> Information shown

= = = = = = =

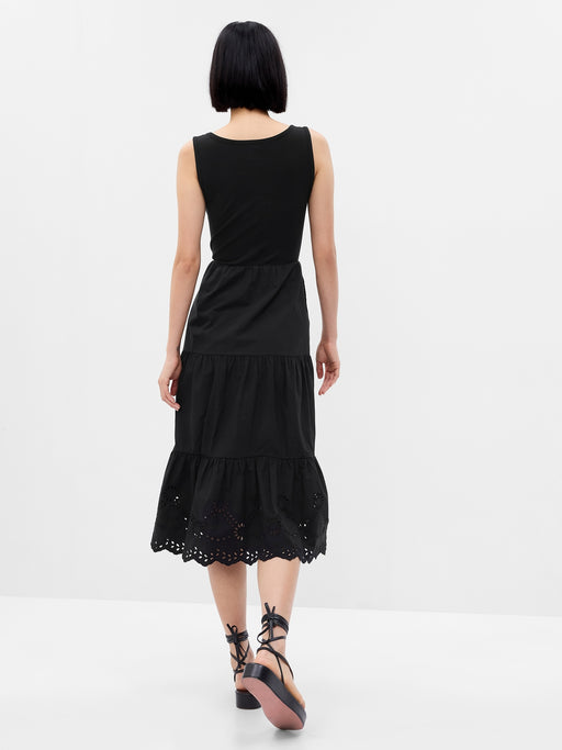 Eyelet Mixed Fabric Midi Dress
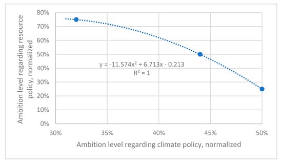 One aim of the presented research is to make a first attempt to identify the possible space for defining policy packages considering both policy targets in the discussed frame. Additional research is needed to generate a better knowledge of how different policy targets interact, and thus to identify in a better way the space for political solutions. For this, a more detailed analysis of the shape of potential policy packages by considering potential policy instruments is recommended. Nevertheless, whereas climate policy targets are clearly communicated, this is lacking regarding other environmental and resource-related targets [41,42]. Consequently, a more in-depth analysis of policy packages would profit from more elaborated policy targets.
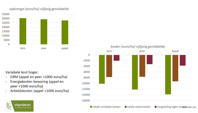Uit de analyse blijkt een netto-bedrijfsresultaat van 10.000 euro per hectare. Appels en peren scoren minder goed, met respectievelijk 800 en 5.000 euro. Een belangrijke overweging hierbij is dat de steekproef in deze studie te klein is om kritische succesfactoren te kunnen bepalen. Daarom zijn kandidaten voor het Landbouwmonitoringsnetwerk nog altijd welkom via www.vlaanderen.be/landbouw/boekhouding.
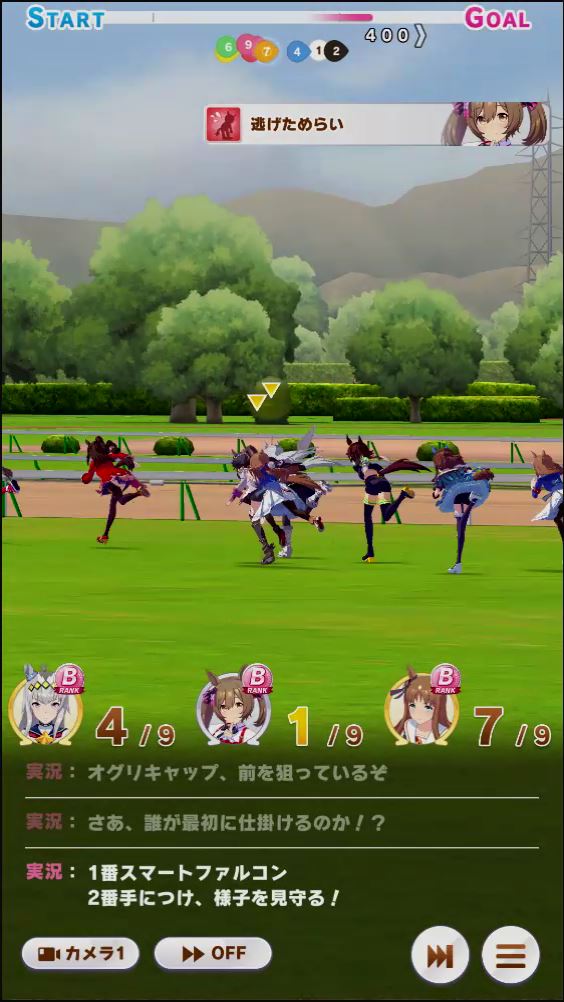 参加ウマ娘は、逃げ2(ファルコ)先行3(エル、ブライアン)差し4(グラス、キング、ウオッカ)
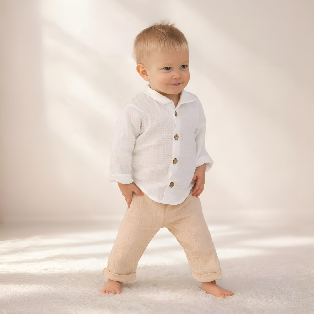 Комплект летний с длинным рукавом для мальчика "Муслин", крем-брюле, лето

= = = = = = =

> Assigned task
Copy all the records above exactly, but leave out the pictures.

> Output of the exercise
 Eyelet Mixed Fabric Midi Dress
 One aim of the presented research is to make a first attempt to identify the possible space for defining policy packages considering both policy targets in the discussed frame. Additional research is needed to generate a better knowledge of how different policy targets interact, and thus to identify in a better way the space for political solutions. For this, a more detailed analysis of the shape of potential policy packages by considering potential policy instruments is recommended. Nevertheless, whereas climate policy targets are clearly communicated, this is lacking regarding other environmental and resource-related targets [41,42]. Consequently, a more in-depth analysis of policy packages would profit from more elaborated policy targets.
Uit de analyse blijkt een netto-bedrijfsresultaat van 10.000 euro per hectare. Appels en peren scoren minder goed, met respectievelijk 800 en 5.000 euro. Een belangrijke overweging hierbij is dat de steekproef in deze studie te klein is om kritische succesfactoren te kunnen bepalen. Daarom zijn kandidaten voor het Landbouwmonitoringsnetwerk nog altijd welkom via www.vlaanderen.be/landbouw/boekhouding.
 参加ウマ娘は、逃げ2(ファルコ)先行3(エル、ブライアン)差し4(グラス、キング、ウオッカ)
 Комплект летний с длинным рукавом для мальчика "Муслин", крем-брюле, лето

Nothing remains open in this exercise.